THE MIRACLE OF CREATION


“Behold! in the creation of the heavens and the earth, and the alternation of night and day,- there are indeed Signs for men of understanding.” (Quran 3:190)

The human creation is a being of limitations that God has endued with creative consciousness. This union of constraint and ranging imagination makes discovery an interesting part of our very essence. The instruments, techniques, and culture of curiosity we have devised to satisfy this exploration instinct have vastly expanded our awareness of the secrets of the physical world. Unseen structures of matter are continually discerned at previously impregnable levels; forces, energies, and dimensions that shape material existence are continually theorized, tested, and recast; human understanding of the invisible mechanisms and connections that bring the universe into seamless coherence are hypothesized, debunked, and postulated again – such that steadily, inevitably existence yields her enigmatic attributes to our mortal minds.

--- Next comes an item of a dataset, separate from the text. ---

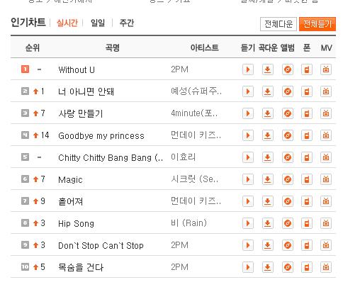 Secret overtakes Rain's "Love Song" at no.5 with their song "Magic" at no.4 while Younha's "nonsense" takes the 6th spot followed by Rain at no.7 with "Hip Song".
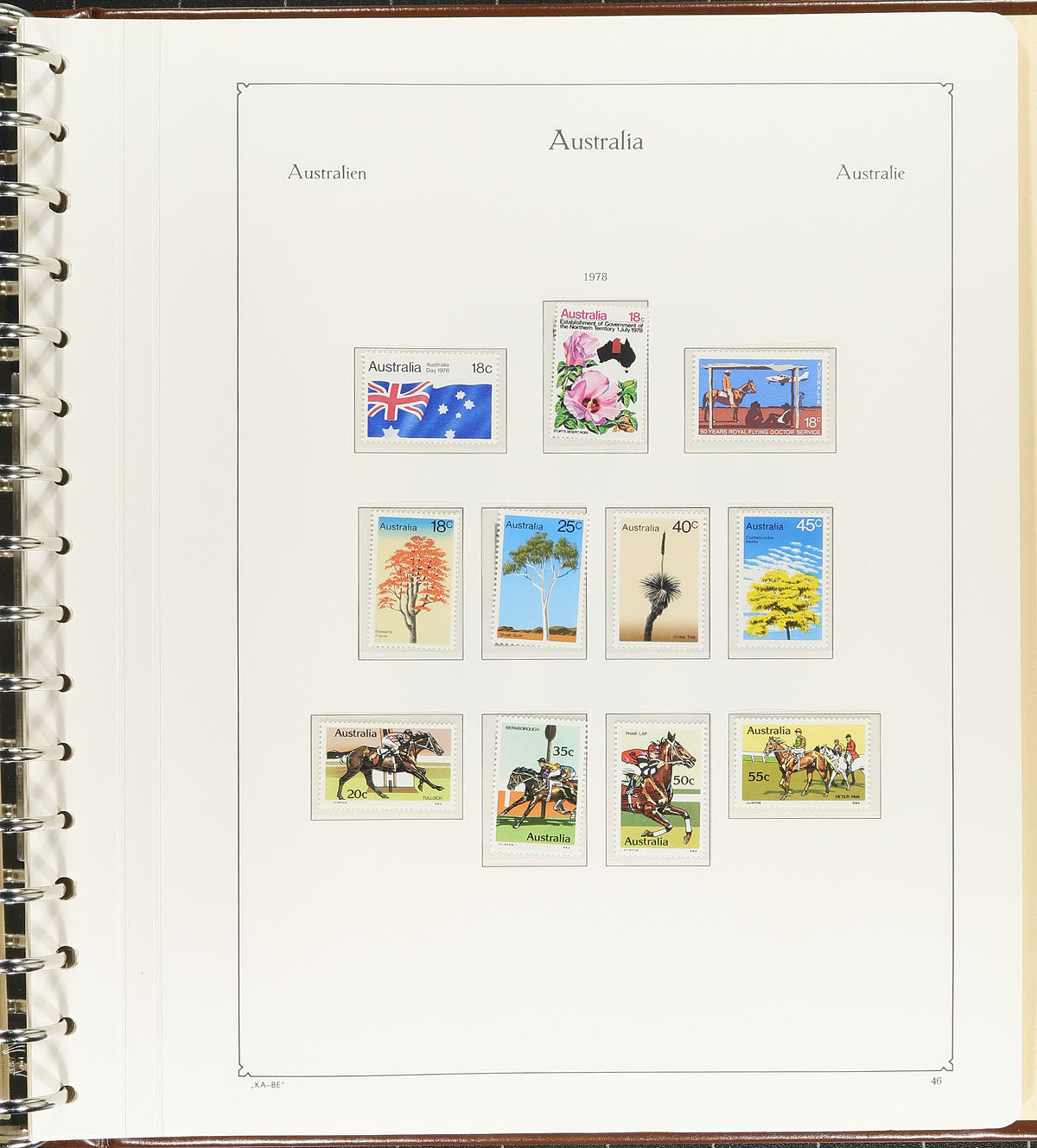 Collection in 5 hingeless KA-BE albums with slipcase. The star attraction are the albums, with hingeless pages ranging from 1913-1999, including spots for souvenir sheets and panes, and includes pages for Antarctica ranging from 1957 to 1999. The lot includes many hundreds of stamps, including a few used Kangaroos, and partially used sets up to the 1970's, along with scattered never hinged sets up to the early 1990's. We estimate face value material to be in the $80 to $100 range. A good starter collection in worthy albums that would have originally cost $1,000 in a retail environment. Estimate =

The scientific sensibility, for the most part, has evolved enough (at least for peer review purposes, if for no higher reason) to restrain researchers who would otherwise rush fecklessly to state the “last word” on the natural world. There are, however scientists who have grown too wise to deny transcendent meaning and purpose in existence, and who have realized that to allege the opposite, based entirely upon lab or fieldwork, is to overreach the competence of empirical inquiry. One of modern science’s most lauded breakthroughs in these early days of the new millennium, for example, has been the declared completion of the project to map out the human genetic code, or genome. This has enabled us for the first time to decipher in a rather comprehensive manner the relationship connecting sequences of vital molecules in our cells to our physical attributes and conditions. Interestingly, one of the project’s directors heralded this achievement with the words, “Today we celebrate the first glimpse of our instruction book, previously known only to God.” If one listens past the seeming arrogance of these words for a moment, one hears a new tone that has slowly emerged among the scientists our time; namely, a humbling recognition that the mere proportion of what is unknown about creation far outstrips all human comprehension of it. However reluctant or incidental this concession may be, it pointedly underscores the need for religion (and philosophy within the realm of its competency) to recover the right to contemplate the findings of science and relate them to truths known to man only by way of revelation and informed reflection.

Indeed, human discovery of the natural world deepens the religious experience because it heightens our realization of the existence of system, complexity, harmony, order, and magnitude in creation on a scale that seriously dents (if not outright dismisses) the theories of an accidental universe. Natural inquiry, unfettered by anthropological agendas, has the capacity to inform and affirm the recognition of divine purpose in creation – recognition found in all human beings. Such an optimistic, congruous, and innate view of existence is perhaps the antidote to a terrible sense of alienation and the myriad personal psychoses and social turmoil that have resulted from this disaffection. What truth or hope can possibly inhabit a view of ourselves as fleeting organic luck adrift in endless space? The God-given impulse to understand our surroundings serves to relocate our spiritual selves and earthly purpose in a colossal universe. This impulse to “know”, when guided by revelation, shall conduct us to the eventuality we so crave – coming near to our sole and resplendent Maker.